MTVE is open-source, licensed under an adaptation of the MIT license.Footnote 9 We ask researchers to cite this paper when using MTVE for academic or other publications. The source code for MTVE can be downloaded for free from GitHub. Contributions and improvements to the source code are welcome and should be submitted using GitHub, too.
5 Limitations
As of the current version (MTVE 1.1), the tool has certain limitations, which we present in this chapter. It is our goal to improve on these. We refer to the GitHub projectFootnote 10 for possible updates and pull requests.
While MTVE supports resolution up to 3840 × 2160 and 60FPS it is currently not possible to combine both. Recording with 60 FPS is only possible for HD resolution and lower.
Further, we stress again that the quality of the transcription does not depend on MTVE but on the actual model chosen. We highlight that whatever model is chosen, has to produce time stamps, so MTVE can merge the individual text files into one.

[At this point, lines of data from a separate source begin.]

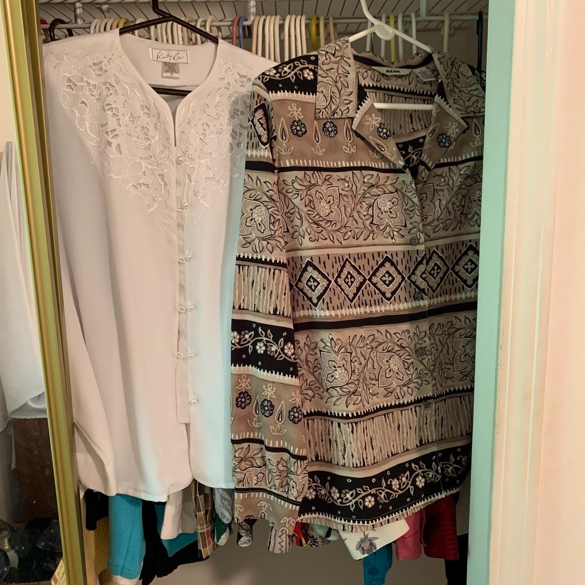 You will find clothing for all occasions from casual to elegant in this collection of 80+ women’s tops, dress sets, sweaters and more. Most are size L/XL and 14/16. There are items in all the colors of the rainbow, many different prints, many different fabrics, and many different styles. Some brands you’ll find in this lot are: Karin Stevens, Halmode Petites, Sag Harbor, Kathy Che, Alfred Dunner, Bentley, Southern Lady, and much more! Local pickup only.
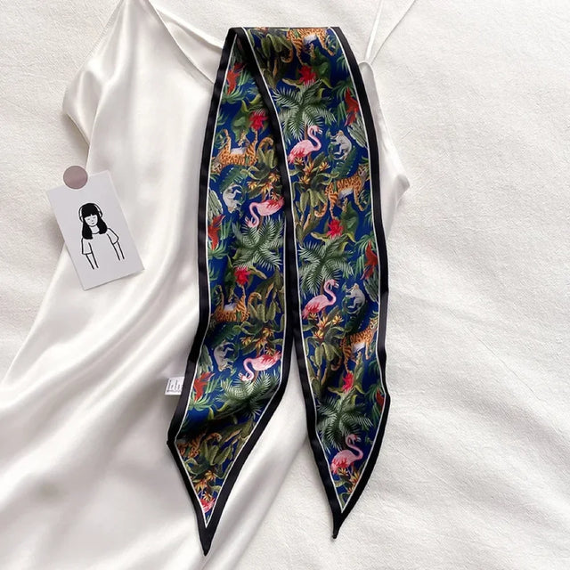 Leopard Flamingo Print Silk Long Scarf Women Luxury Hairband Narrow Scarves Small Neckerchief Summer Headband Ribbons Female - 13 / 9.5x100cm is backordered and will ship as soon as it is back in stock.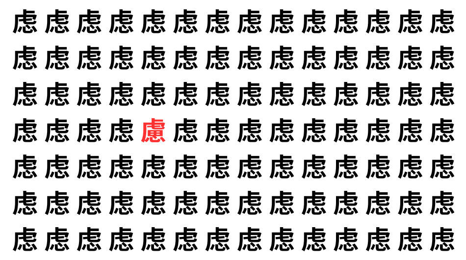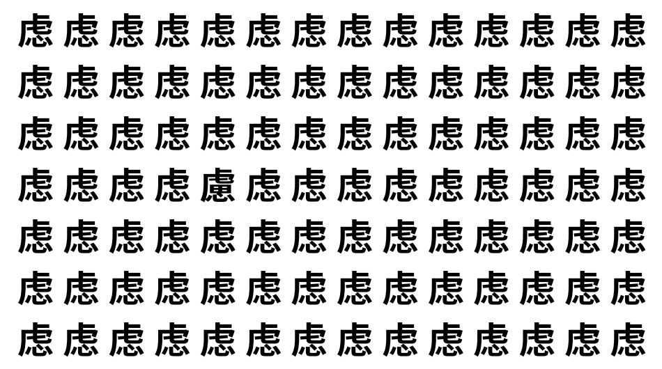 たくさんの「虑」の中に、よく似た別の漢字が1文字だけ隠れています。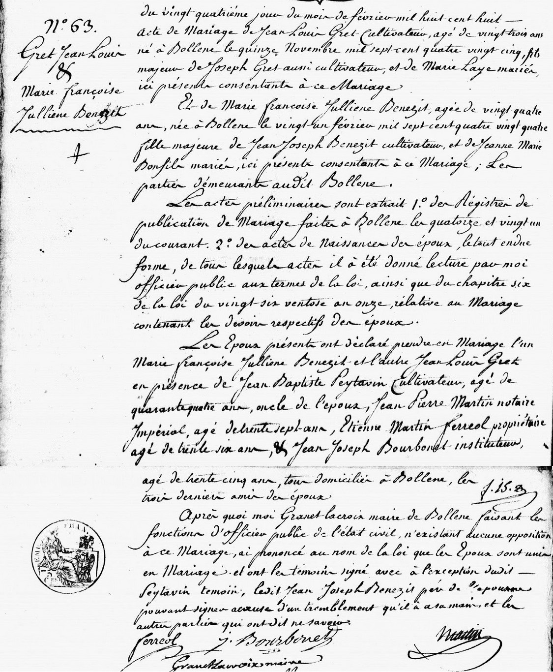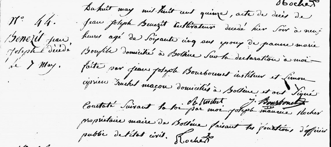 Naissance : 1750 Décès : 7 mai 1815 à Bollène 84500
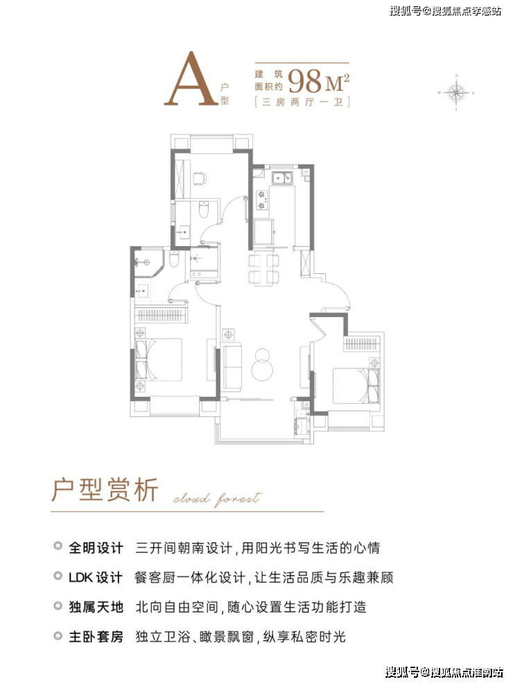 建面约98㎡3房:可以说这款户型满足了市场对刚需、刚改入门面积的所有需求,经典的三开间朝南飞机户型设计,最大化利用空间,减少面积浪费,整体格局方正南北通透。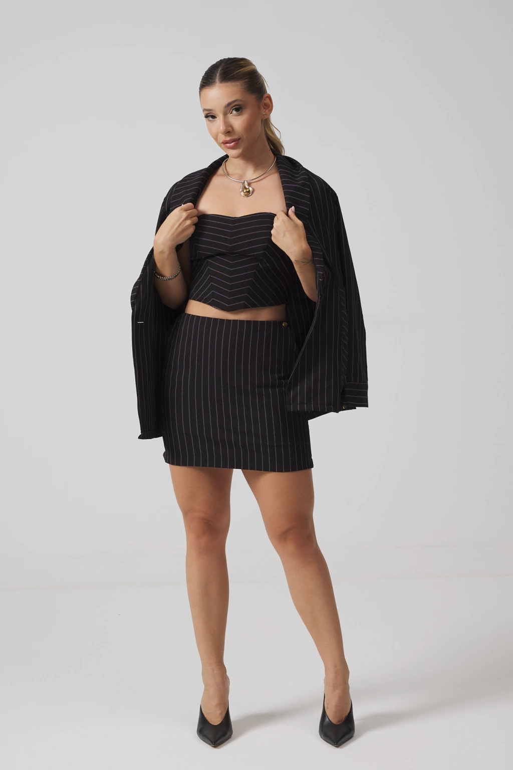 Apresentamos o trio mais elegante, clássico e atemporal da Rose Slaibi – a combinação perfeita de Corpete, Short-Saia e Blazer, pensado para compor um visual sofisticado e moderno.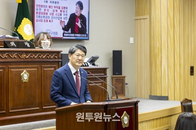 (원투원뉴스) 강서구의회 김희동 부위원장(미래복지위원회)은 지난 22일 제316회 강서구의회 제2차 정례회 본회의 5분 자유발언을 통해, 지난 9월 발생한 환경미화원 사망사고와 관련해 “관리·감독 의무를 방기한 행정이 빚어낸 명백한 인재”라며, 소관부서인 강서구청 자원순환과와 강서산업에 대한 전면 감사와 강력한 징계를 촉구했다.

MTVE was tested on Chrome and Firefox. To guarantee a simultaneous entry to the conversation for all participants, it is essential to configure the browser in such a way that the application of the webcam does not need further acceptance from the user. Otherwise, some participants join the conversation but cannot be seen by others until they accept manually.
6 Conclusion
All in all, MTVE enables experimenters to gather communication data from experiments with video conferences in an integrated approach. The tool is easily implementable in z-Tree, oTree, and other software. It saves high-quality videos. Further, applying a simple trick, it avoids the Cocktail Party Problem and enables more sophisticated analysis of the voices. MTVE comes with a simple user interface for the experimenter and comparatively low technical requirements for the laboratory. The tool is open-source (citeware) and can easily be adapted to local servers of any laboratory. Doing so enables researchers to keep subjects’ data on private servers and strengthens local data protection regulations.
Acknowledgements
We acknowledge financial support from the German Research Foundation (DFG) through the project number 468478819. The authors would like to thank the editor Lionel Page and two anonymous reviewers for their comments and suggestions. Moreover, we acknowledge valuable advices on functionalities of MTVE from: Ayoub Al-Hamadi, René Degenkolbe, Laslo Dinges, Marc-André Fiedler, Nina Ostermaier, Myra Spiliopoulou, and Joachim Weimann. We further acknowledge the support of Adrija Ghosh, Raviteja Sutrave, and Sourima Dey during a scientific student project.
Funding
Open Access funding enabled and organized by Projekt DEAL.
Appendix A
Use Case 1
MTVE is used in z-Tree to enable communication between the participant and experimenter to record participants’ answers in the seminal dice rolling experiment (Fischbacher & Föllmi-Heusi, Reference Fischbacher and Föllmi-Heusi2013). Here, after rolling the dice, the participants start the communication and inform the experimenter of what they claim to have rolled.
Use Case 2
MTVE is used in oTree to analyze the experiment from Belot and van de Ven (Reference Belot and van de Ven2017) where there are two types of players. Player 1 has the incentive to lie about the true color of their card (red or black) and Player 2 has the incentive to detect the lie. Per session, there are five Players 1 and five Players 2. Using the round robin scheme all Players 1 and Players 2 are matched. Player 1 indicates the color to Player 2 using MTVE in a predefined time of 10 s. After that, the communication stops.
Use Case 3
MTVE is used in z-Tree to allow repeated communication between two subjects. Further, it is used to allow the experimenter to close the communication room remotely when needed.